O presidente Obama estava errado. O consenso acadêmico define o populismo exatamente assim: “É uma ideologia rasa que considera que a sociedade se divide em dois grupos homogêneos e antagônicos, o ‘povo simples’ e a ‘elite corrupta”, diz Cas Mudde, professor da Universidade da Geórgia. Esse discurso pressupõe que “os dois grupos têm interesses irreconciliáveis, o que leva a enfatizar a soberania nacional ou popular”, diz Luis Ramiro, professor da Universidade de Leicester. O político populista é, então, o único que representa a voz de toda a população.
Por essa definição, o populismo é um instrumento eleitoral ou de poder.

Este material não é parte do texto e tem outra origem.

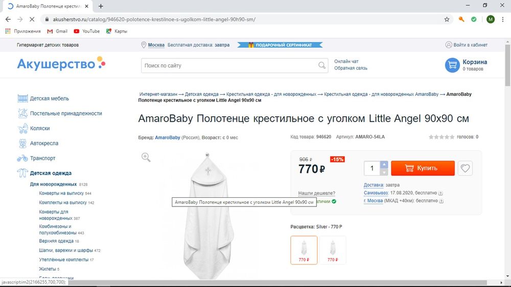 Мы покупали крестик, крестильную одежду не брали, а только крестильное полотенце, выбрали самое красивое бренда amarobaby, оно большое и полностью обернули в него малыша, после купели надели и уголок. Мне, кажется, больше ничего и не надо.
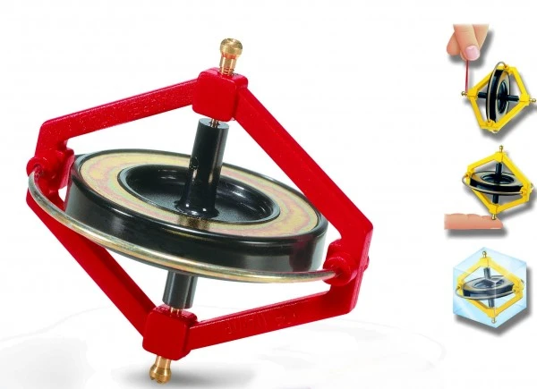 Ist der Kreisel in vollem Schwung wird er so stabil, dass verblüffende Experimente mit ihm durchgeführt werden können. Der Kreisel kann auf der Fingerspitze, einer Schnur oder einem Glasrand balanciert werden. Auch horizontal schwebt er stabil in einer Schnurschlaufe – total verrückt.
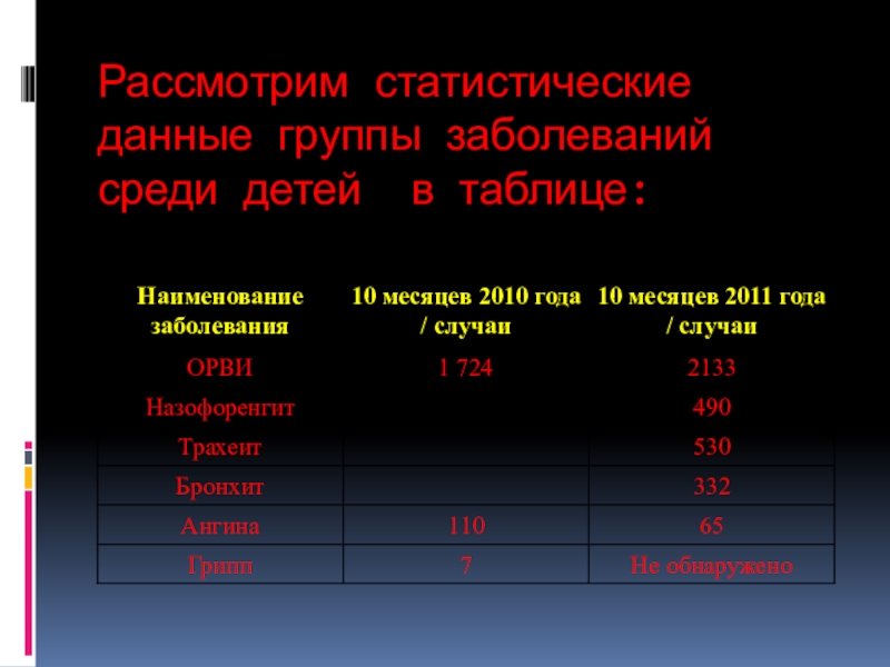 Слайд 12Рассмотрим статистические данные группы заболеваний среди детей в таблице:
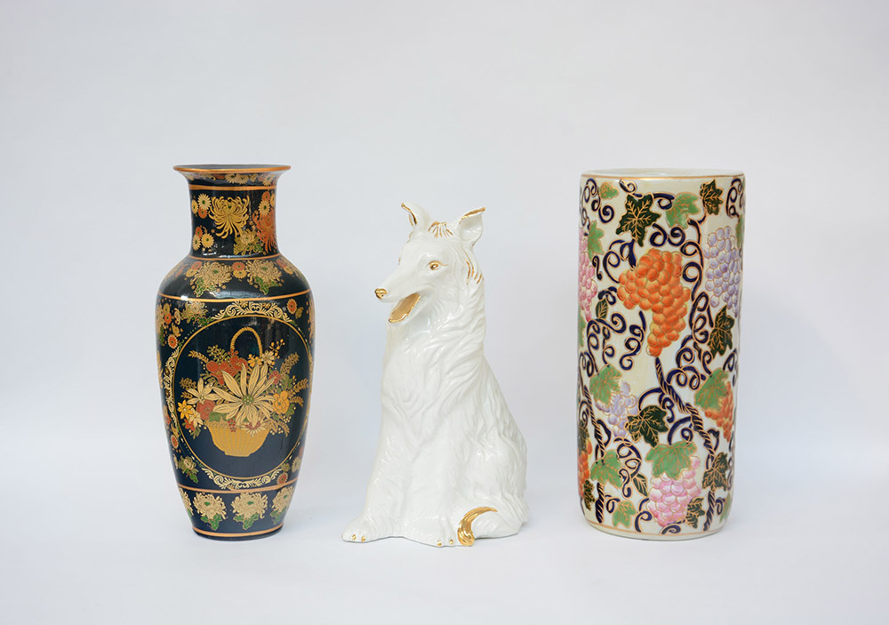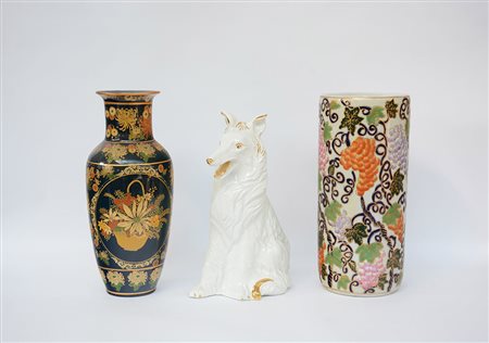 Lotto composto da un portaombrelli, una scultura raffigurante cane e un vaso in ceramica policroma (difetti)
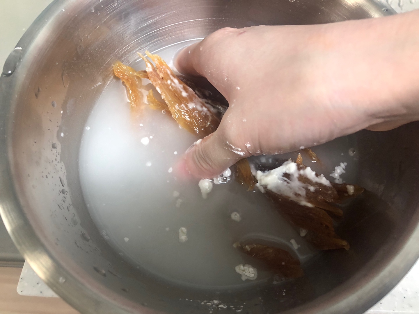 밀가루 묻혀서 두번 문질러 닦아줬습니다.
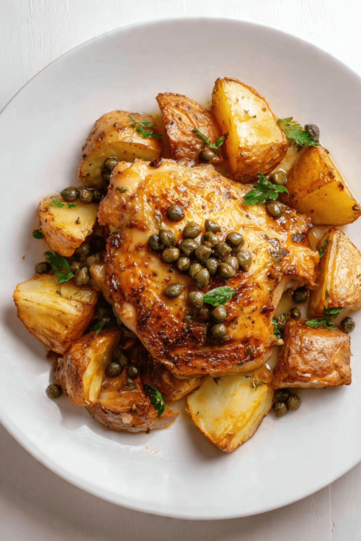 Crispy Lemon Chicken with Potatoes, Oregano, and Capers is a one-pan wonder with juicy chicken thighs, golden roasted potatoes, and bright, briny flavor from lemon and capers. Perfect for a cozy dinner.
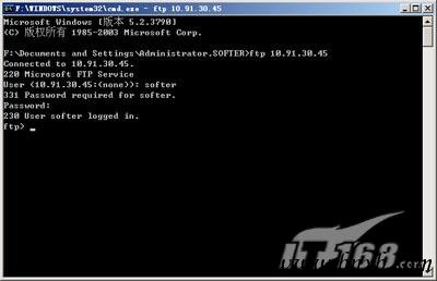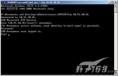 第三步:我们在另外一台连接了网络的计算机上通过“开始->运行->输入CMD”进入命令行模式来检测FTP工作状态。当然如果你有其他FTP客户端登录工具的话使用他们来检测是更加方便的。在命令行模式中输入ftp 10.91.30.45后回车,该IP为建立FTP服务的服务器IP地址。在出现USER提示时输入10.91.30.45计算机上管理员名称,在接下来的PASSWORD处输入系统管理员的密码就可以登录了。(如图28)

Seu uso bem-sucedido mais recente foi a campanha de Donald Trump: “A pergunta de amanhã é: quem vocês querem que governe a América, a classe política corrupta ou o povo?’”, perguntava Trump na véspera da eleição.
Na Europa, o Brexit e o crescimento da Frente Nacional na França são outros exemplos. No sul da Europa, dois partidos de esquerda – o Syriza, na Grécia, e o Podemos, na Espanha – usaram essa distinção entre povo e elites. “O Podemos propõe a necessidade de uma nova identidade política, um ‘nós’, que é fundamental em política, que não é mais esquerda-direita, mas sim povo-oligarquia, cima-embaixo, população-casta”, diz Jorge Lago, responsável pelo Instituto 25M, uma fundação vinculada ao Podemos.
A estratégia do "eles contra nós" seria a grande semelhança entre os populismos: “O que Trump e o Podemos têm em comum é sua reivindicação de que as elites desapontaram o povo e usurparam a democracia. Como resultado, dizem que o povo deve ‘recuperar seu país’ votando neles”, diz Duncan McDonnell, professor da Universidade Griffith em Brisbane (Austrália). O Podemos acredita que essa análise é simples demais: “Desde o início da crise assistimos a um processo inquestionável de oligarquização da economia e da política. Pensar que só por isso se é populista é uma análise apressada”, diz Lago.
É possível, pois, falar de um populismo genérico. Existem, contudo, duas grandes diferenças entre os populismos de direita e de esquerda. Primeiro, obviamente, as políticas: “O Podemos e a Frente Nacional têm em comum o fato de dirigirem seus ataques contra uma elite liberal que acreditam ser responsável pelos problemas. Mas diferem no tipo de problemas que identificam e enfatizam, e nas soluções que oferecem”, diz Benjamin Stanley, professor da Universidade SWPS de Varsóvia (Polônia).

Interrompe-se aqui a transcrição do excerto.